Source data
----------
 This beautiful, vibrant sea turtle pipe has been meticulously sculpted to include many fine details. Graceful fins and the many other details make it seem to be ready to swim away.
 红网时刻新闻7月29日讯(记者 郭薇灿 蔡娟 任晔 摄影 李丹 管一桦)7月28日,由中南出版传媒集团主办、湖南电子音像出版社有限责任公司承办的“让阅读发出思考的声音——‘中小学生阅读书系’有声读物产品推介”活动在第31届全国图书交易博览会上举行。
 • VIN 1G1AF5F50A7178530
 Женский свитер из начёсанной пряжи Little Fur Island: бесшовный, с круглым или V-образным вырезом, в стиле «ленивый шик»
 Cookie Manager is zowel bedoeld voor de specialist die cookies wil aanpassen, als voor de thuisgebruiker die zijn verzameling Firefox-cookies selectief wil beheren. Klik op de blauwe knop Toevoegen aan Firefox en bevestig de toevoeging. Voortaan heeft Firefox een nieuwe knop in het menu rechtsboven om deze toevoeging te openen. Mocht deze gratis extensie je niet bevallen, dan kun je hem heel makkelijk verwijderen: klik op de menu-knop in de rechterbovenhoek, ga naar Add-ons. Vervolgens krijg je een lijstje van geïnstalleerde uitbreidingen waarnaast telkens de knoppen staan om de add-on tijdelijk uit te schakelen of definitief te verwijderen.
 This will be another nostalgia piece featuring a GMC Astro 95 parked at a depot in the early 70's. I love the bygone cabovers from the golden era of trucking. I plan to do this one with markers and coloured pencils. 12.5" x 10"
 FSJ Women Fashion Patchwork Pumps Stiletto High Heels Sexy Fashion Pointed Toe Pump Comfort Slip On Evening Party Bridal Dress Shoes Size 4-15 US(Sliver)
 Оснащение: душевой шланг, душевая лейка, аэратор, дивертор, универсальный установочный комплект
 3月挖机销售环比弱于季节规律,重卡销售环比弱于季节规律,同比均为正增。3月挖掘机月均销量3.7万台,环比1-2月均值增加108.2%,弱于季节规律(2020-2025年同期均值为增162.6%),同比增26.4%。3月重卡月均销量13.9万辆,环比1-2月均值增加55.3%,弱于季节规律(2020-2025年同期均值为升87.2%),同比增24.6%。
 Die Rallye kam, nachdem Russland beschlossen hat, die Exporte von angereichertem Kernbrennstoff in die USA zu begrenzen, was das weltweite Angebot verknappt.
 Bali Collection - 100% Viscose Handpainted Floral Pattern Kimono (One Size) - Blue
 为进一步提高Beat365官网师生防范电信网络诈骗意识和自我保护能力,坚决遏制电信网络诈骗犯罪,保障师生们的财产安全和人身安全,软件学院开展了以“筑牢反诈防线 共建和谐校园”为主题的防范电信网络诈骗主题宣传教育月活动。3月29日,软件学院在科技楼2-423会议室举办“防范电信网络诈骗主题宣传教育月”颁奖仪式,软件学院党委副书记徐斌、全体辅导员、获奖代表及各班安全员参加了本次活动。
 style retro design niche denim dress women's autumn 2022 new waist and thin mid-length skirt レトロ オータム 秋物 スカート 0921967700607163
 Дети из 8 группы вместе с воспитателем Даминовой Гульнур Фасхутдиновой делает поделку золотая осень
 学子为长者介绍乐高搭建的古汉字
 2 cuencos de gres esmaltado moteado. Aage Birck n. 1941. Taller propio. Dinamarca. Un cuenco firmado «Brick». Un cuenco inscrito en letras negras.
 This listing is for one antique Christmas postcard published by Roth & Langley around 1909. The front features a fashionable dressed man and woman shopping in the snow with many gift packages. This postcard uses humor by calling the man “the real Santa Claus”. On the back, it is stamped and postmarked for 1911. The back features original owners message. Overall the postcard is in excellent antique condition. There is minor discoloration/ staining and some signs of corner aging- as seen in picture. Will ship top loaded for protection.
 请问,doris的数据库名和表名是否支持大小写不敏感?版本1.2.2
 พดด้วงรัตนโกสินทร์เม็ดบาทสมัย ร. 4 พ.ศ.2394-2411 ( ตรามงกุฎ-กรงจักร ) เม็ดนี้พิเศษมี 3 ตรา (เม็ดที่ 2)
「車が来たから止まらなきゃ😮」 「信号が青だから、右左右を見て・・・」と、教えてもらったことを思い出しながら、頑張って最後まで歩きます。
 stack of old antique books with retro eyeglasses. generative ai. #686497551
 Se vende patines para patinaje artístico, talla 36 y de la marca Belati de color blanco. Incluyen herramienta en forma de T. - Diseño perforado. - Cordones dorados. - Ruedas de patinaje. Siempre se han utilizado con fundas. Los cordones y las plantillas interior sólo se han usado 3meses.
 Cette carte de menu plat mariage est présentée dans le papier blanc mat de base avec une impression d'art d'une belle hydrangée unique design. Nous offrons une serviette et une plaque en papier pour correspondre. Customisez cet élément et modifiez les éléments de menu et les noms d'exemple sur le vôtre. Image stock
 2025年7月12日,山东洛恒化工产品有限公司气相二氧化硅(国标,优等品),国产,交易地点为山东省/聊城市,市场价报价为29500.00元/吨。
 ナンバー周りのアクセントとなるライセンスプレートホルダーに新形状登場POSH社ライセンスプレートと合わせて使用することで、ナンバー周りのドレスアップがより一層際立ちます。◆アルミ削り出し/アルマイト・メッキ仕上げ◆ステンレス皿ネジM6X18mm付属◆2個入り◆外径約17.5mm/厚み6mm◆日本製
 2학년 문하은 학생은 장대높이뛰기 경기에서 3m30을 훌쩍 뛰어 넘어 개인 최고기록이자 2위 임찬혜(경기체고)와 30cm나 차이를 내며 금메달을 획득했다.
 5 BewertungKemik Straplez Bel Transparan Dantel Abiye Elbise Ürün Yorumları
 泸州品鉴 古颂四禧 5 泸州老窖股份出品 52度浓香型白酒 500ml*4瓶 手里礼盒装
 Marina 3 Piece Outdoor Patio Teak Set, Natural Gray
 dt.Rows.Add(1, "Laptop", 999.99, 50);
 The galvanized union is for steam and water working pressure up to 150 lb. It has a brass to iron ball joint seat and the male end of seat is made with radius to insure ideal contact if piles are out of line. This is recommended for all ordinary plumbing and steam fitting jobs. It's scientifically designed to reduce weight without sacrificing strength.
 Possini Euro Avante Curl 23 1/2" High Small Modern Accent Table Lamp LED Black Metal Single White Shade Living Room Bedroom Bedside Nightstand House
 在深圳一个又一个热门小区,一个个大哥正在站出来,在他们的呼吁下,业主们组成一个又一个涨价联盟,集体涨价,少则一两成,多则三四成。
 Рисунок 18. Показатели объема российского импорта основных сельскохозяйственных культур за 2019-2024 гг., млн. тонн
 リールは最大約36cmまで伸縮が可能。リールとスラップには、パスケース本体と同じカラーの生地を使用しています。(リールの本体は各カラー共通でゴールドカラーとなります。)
----------
* Task statement:
Your task is to reproduce the records in full, without any alteration.

* Answer area:
 This beautiful, vibrant sea turtle pipe has been meticulously sculpted to include many fine details. Graceful fins and the many other details make it seem to be ready to swim away.
 红网时刻新闻7月29日讯(记者 郭薇灿 蔡娟 任晔 摄影 李丹 管一桦)7月28日,由中南出版传媒集团主办、湖南电子音像出版社有限责任公司承办的“让阅读发出思考的声音——‘中小学生阅读书系’有声读物产品推介”活动在第31届全国图书交易博览会上举行。
 • VIN 1G1AF5F50A7178530
 Женский свитер из начёсанной пряжи Little Fur Island: бесшовный, с круглым или V-образным вырезом, в стиле «ленивый шик»
 Cookie Manager is zowel bedoeld voor de specialist die cookies wil aanpassen, als voor de thuisgebruiker die zijn verzameling Firefox-cookies selectief wil beheren. Klik op de blauwe knop Toevoegen aan Firefox en bevestig de toevoeging. Voortaan heeft Firefox een nieuwe knop in het menu rechtsboven om deze toevoeging te openen. Mocht deze gratis extensie je niet bevallen, dan kun je hem heel makkelijk verwijderen: klik op de menu-knop in de rechterbovenhoek, ga naar Add-ons. Vervolgens krijg je een lijstje van geïnstalleerde uitbreidingen waarnaast telkens de knoppen staan om de add-on tijdelijk uit te schakelen of definitief te verwijderen.
 This will be another nostalgia piece featuring a GMC Astro 95 parked at a depot in the early 70's. I love the bygone cabovers from the golden era of trucking. I plan to do this one with markers and coloured pencils. 12.5" x 10"
 FSJ Women Fashion Patchwork Pumps Stiletto High Heels Sexy Fashion Pointed Toe Pump Comfort Slip On Evening Party Bridal Dress Shoes Size 4-15 US(Sliver)
 Оснащение: душевой шланг, душевая лейка, аэратор, дивертор, универсальный установочный комплект
 3月挖机销售环比弱于季节规律,重卡销售环比弱于季节规律,同比均为正增。3月挖掘机月均销量3.7万台,环比1-2月均值增加108.2%,弱于季节规律(2020-2025年同期均值为增162.6%),同比增26.4%。3月重卡月均销量13.9万辆,环比1-2月均值增加55.3%,弱于季节规律(2020-2025年同期均值为升87.2%),同比增24.6%。
 Die Rallye kam, nachdem Russland beschlossen hat, die Exporte von angereichertem Kernbrennstoff in die USA zu begrenzen, was das weltweite Angebot verknappt.
 Bali Collection - 100% Viscose Handpainted Floral Pattern Kimono (One Size) - Blue
 为进一步提高Beat365官网师生防范电信网络诈骗意识和自我保护能力,坚决遏制电信网络诈骗犯罪,保障师生们的财产安全和人身安全,软件学院开展了以“筑牢反诈防线 共建和谐校园”为主题的防范电信网络诈骗主题宣传教育月活动。3月29日,软件学院在科技楼2-423会议室举办“防范电信网络诈骗主题宣传教育月”颁奖仪式,软件学院党委副书记徐斌、全体辅导员、获奖代表及各班安全员参加了本次活动。
 style retro design niche denim dress women's autumn 2022 new waist and thin mid-length skirt レトロ オータム 秋物 スカート 0921967700607163
 Дети из 8 группы вместе с воспитателем Даминовой Гульнур Фасхутдиновой делает поделку золотая осень
 学子为长者介绍乐高搭建的古汉字
 2 cuencos de gres esmaltado moteado. Aage Birck n. 1941. Taller propio. Dinamarca. Un cuenco firmado «Brick». Un cuenco inscrito en letras negras.
 This listing is for one antique Christmas postcard published by Roth & Langley around 1909. The front features a fashionable dressed man and woman shopping in the snow with many gift packages. This postcard uses humor by calling the man “the real Santa Claus”. On the back, it is stamped and postmarked for 1911. The back features original owners message. Overall the postcard is in excellent antique condition. There is minor discoloration/ staining and some signs of corner aging- as seen in picture. Will ship top loaded for protection.
 请问,doris的数据库名和表名是否支持大小写不敏感?版本1.2.2
 พดด้วงรัตนโกสินทร์เม็ดบาทสมัย ร. 4 พ.ศ.2394-2411 ( ตรามงกุฎ-กรงจักร ) เม็ดนี้พิเศษมี 3 ตรา (เม็ดที่ 2)
「車が来たから止まらなきゃ😮」 「信号が青だから、右左右を見て・・・」と、教えてもらったことを思い出しながら、頑張って最後まで歩きます。
 stack of old antique books with retro eyeglasses. generative ai. #686497551
 Se vende patines para patinaje artístico, talla 36 y de la marca Belati de color blanco. Incluyen herramienta en forma de T. - Diseño perforado. - Cordones dorados. - Ruedas de patinaje. Siempre se han utilizado con fundas. Los cordones y las plantillas interior sólo se han usado 3meses.
 Cette carte de menu plat mariage est présentée dans le papier blanc mat de base avec une impression d'art d'une belle hydrangée unique design. Nous offrons une serviette et une plaque en papier pour correspondre. Customisez cet élément et modifiez les éléments de menu et les noms d'exemple sur le vôtre. Image stock
 2025年7月12日,山东洛恒化工产品有限公司气相二氧化硅(国标,优等品),国产,交易地点为山东省/聊城市,市场价报价为29500.00元/吨。
 ナンバー周りのアクセントとなるライセンスプレートホルダーに新形状登場POSH社ライセンスプレートと合わせて使用することで、ナンバー周りのドレスアップがより一層際立ちます。◆アルミ削り出し/アルマイト・メッキ仕上げ◆ステンレス皿ネジM6X18mm付属◆2個入り◆外径約17.5mm/厚み6mm◆日本製
 2학년 문하은 학생은 장대높이뛰기 경기에서 3m30을 훌쩍 뛰어 넘어 개인 최고기록이자 2위 임찬혜(경기체고)와 30cm나 차이를 내며 금메달을 획득했다.
 5 BewertungKemik Straplez Bel Transparan Dantel Abiye Elbise Ürün Yorumları
 泸州品鉴 古颂四禧 5 泸州老窖股份出品 52度浓香型白酒 500ml*4瓶 手里礼盒装
 Marina 3 Piece Outdoor Patio Teak Set, Natural Gray
 dt.Rows.Add(1, "Laptop", 999.99, 50);
 The galvanized union is for steam and water working pressure up to 150 lb. It has a brass to iron ball joint seat and the male end of seat is made with radius to insure ideal contact if piles are out of line. This is recommended for all ordinary plumbing and steam fitting jobs. It's scientifically designed to reduce weight without sacrificing strength.
 Possini Euro Avante Curl 23 1/2" High Small Modern Accent Table Lamp LED Black Metal Single White Shade Living Room Bedroom Bedside Nightstand House
 在深圳一个又一个热门小区,一个个大哥正在站出来,在他们的呼吁下,业主们组成一个又一个涨价联盟,集体涨价,少则一两成,多则三四成。
 Рисунок 18. Показатели объема российского импорта основных сельскохозяйственных культур за 2019-2024 гг., млн. тонн
 リールは最大約36cmまで伸縮が可能。リールとスラップには、パスケース本体と同じカラーの生地を使用しています。(リールの本体は各カラー共通でゴールドカラーとなります。)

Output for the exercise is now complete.